Breaking the models

by Simon St. Laurent

A week ago, C. Michael Sperberg-McQueen closed the Extreme Markup Languages conference by questioning models. I wasn't sure what I thought about it at the time, but this time, his closing sermon is reverberating.

Sperberg-McQueen's question was:

Does XML have a model? A supermodel? Does it matter?

After talking about several senses of "model", including model trains, which I especially appreciated, Sperberg-McQueen talked about people who ask for "the model" for XML, or charge that the entire project is fatally flawed because it doesn't have one. While the word "model" is extremely difficult to define and seems to change from situation to situation, it gets used as a bludgeon on a regular basis.

Model questions have caused plenty of grief in the XML world, with the Infoset standing in as a model for some people, the DOM for other people, RDF `for others, and application-specific models for others. There seems to be a deep and conflicted emotional need for models.
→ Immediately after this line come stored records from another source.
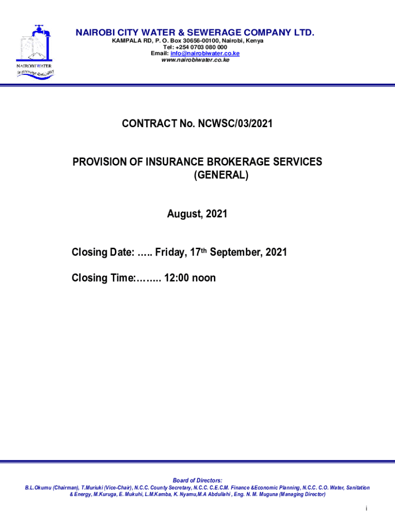 NAIROBI CITY WATER & SEWERAGE COMPANY LTD. KAMPALA RD, P. O. Box 3065600100, Nairobi, Kenya Tel: +254 0703 080 000 Email: info nairobiwater.co.KE www.nairobiwater.co.keCONTRACT No. NC WSC/03/2021
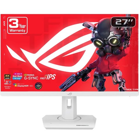 ASUS ROG Strix XG27UCG-W Dual mode Gaming Monitor – 27-inch 3840×2160, dual mode (4K 160Hz or FHD 320Hz), 1ms (GTG), Fast IPS, Extreme Low Motion Blur Sync, USB Type-C, G-Sync compatible (processing), DisplayWidget Center, tripod socket, HDR, Aura Sync
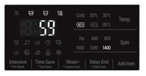 Spin speed selection, washing temperature selection, intelligent washing control, balance control, foam level control, wash end signal, wash end time setting
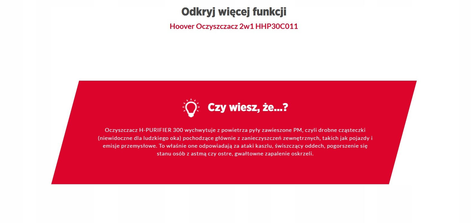 - Czy oczyszczacze Hoover radzą sobie ze smogiem?Tak. Oczyszczacze Hoover posiadają 3-warstwowy system filtracji, który zapewnia wszechstronne oczyszczanie powietrza z gazów, pyłków oraz pyłów zawieszonych (PM 10, PM 2,5). Te ostatnie należą do groźnych dla zdrowia składników smogu.

Even within an application domain, there may be questions about the value of particular models, demonstrated by the continuing battles over various kinds of models for Topic Maps discussed at the conference.

Sperberg-McQueen's question seemed to fit the overall conference very well. A presentation by the W3C's Eric Miller (co-authored with Sperberg-McQueen) on integrating RDF with XML through XML Schema had faced some fairly hostile questions from people asking what value the RDF model added to the project. In a series of presentations on overlapping markup, it was clear that there are cases where the same document can and indeed should offer applications the choice of multiple ways to model it.

After years of disagreeing with Sperberg-McQueen about various aspects of the XML universe, I'm happy to say that he's inspired some new lines of thought for me, and reinforced others. (I doubt he'd agree with all of these, of course!)

I first saw XML as an effort to trade a bit of discipline on the part of markup creators for improved processability, but that's lurched entirely too far to processing and away from people, driven by an obsession with machine-comprehensible models. By re-examining the question of models and rejecting the notion that there must be one true model (even for a given project), I'm freed to accept the human reality that even simple documents have multiple interpretations.

I can embrace Walter Perry's long-standing argument that understanding happens in the processing applied to a document, not the external constraints used to describe it.

I can take a fresh look at Layered Markup Annotation Language (LMNL) and enjoy that it provides a syntax for what I want to do without concern for the issues that bedevil the model.

I can't say that I expect this viewpoint to catch fire too rapidly, as it goes severely against the grain of so much of computing culture, but it does a nice job of explaining how XML syntax caught on so wildly even if the model wasn't clear. Letting go of ambitions for complete communication or universal exchange makes it much easier to focus on particular projects that solve immediate problems, using only as much standardization as a particular problem needs.

After all, we're just exchanging data, right?

Do models get in your way sometimes?